About mid-morning about 12 councilors went into the back and stated to figure out how to mobilize. They needed to be in the community. A clipboard was passed around but that wasn’t going to work. Someone suggested Google Docs to get organized. A spreadsheet was created. Lindsay began to sign people up, getting their contact information. The Zebra Coalition right across the street donated their crisis hotline. People were sent to the hotel across the street from ORMC where the families were hoping to hear news about their loved ones. They also needed an off site location. The Center was getting insanely crowded. That off site location became Christ’s Church on Robinson.

The Google Doc which she ran had contact information and then tabs for the different sites and different shifts. For the first day, Sunday, She tried to schedule people. It was too much for her to handle alone. She was there until 11Pm on Sunday. She decided to just put the spreadsheet out into the world, and let people sign up virtually. She added new tabs as needed. The document was editable. It went out on all the Facebook pages that counselors are a part of. Her phone blew up with call from all over the country. She was texting, e-mailing and calling out information to everyone to sign in on the Google Doc. She was up until 2AM. Over 700 people signed up. There were about 1000 interactions between June 12 and July 4th.

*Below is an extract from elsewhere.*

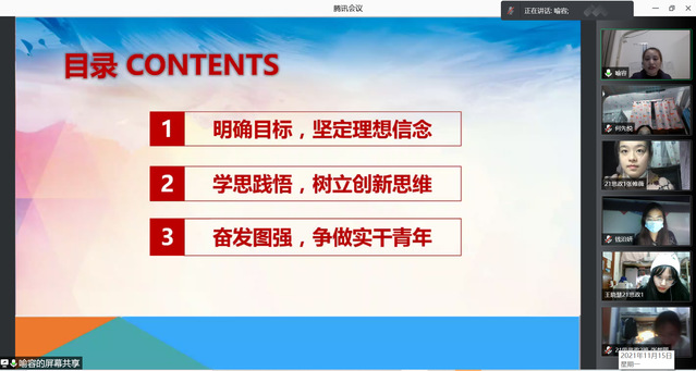 为引导同学们坚定理想信念,提高政治素养,争做新时代青年。11月15日晚,马克思主义学院以线上形式开展了“青马工程”第十六期大学生骨干培训第四场理论培训讲座。本次讲座由学院学工办辅导员喻容主讲,该期全体学员参加。

By Monday they were going to the LGBT clubs, Parliament House, Southern Nights, Savoy, Stonewall, because that is where the community gathers when they need support. That is our safe space. Councilors were at the clubs until midnight. The mental health community wrapped their arm around the LGBT community and said, we are here. They provided support and connected people to counseling. Two Spirit began offering services for free and the Center got their counseling mobilized. Another Google Doc was created where she asked all who had signed up, what they were willing to offer the community. That document went to what became the United Orlando Assistance Center and to the Center as a counseling resource guide.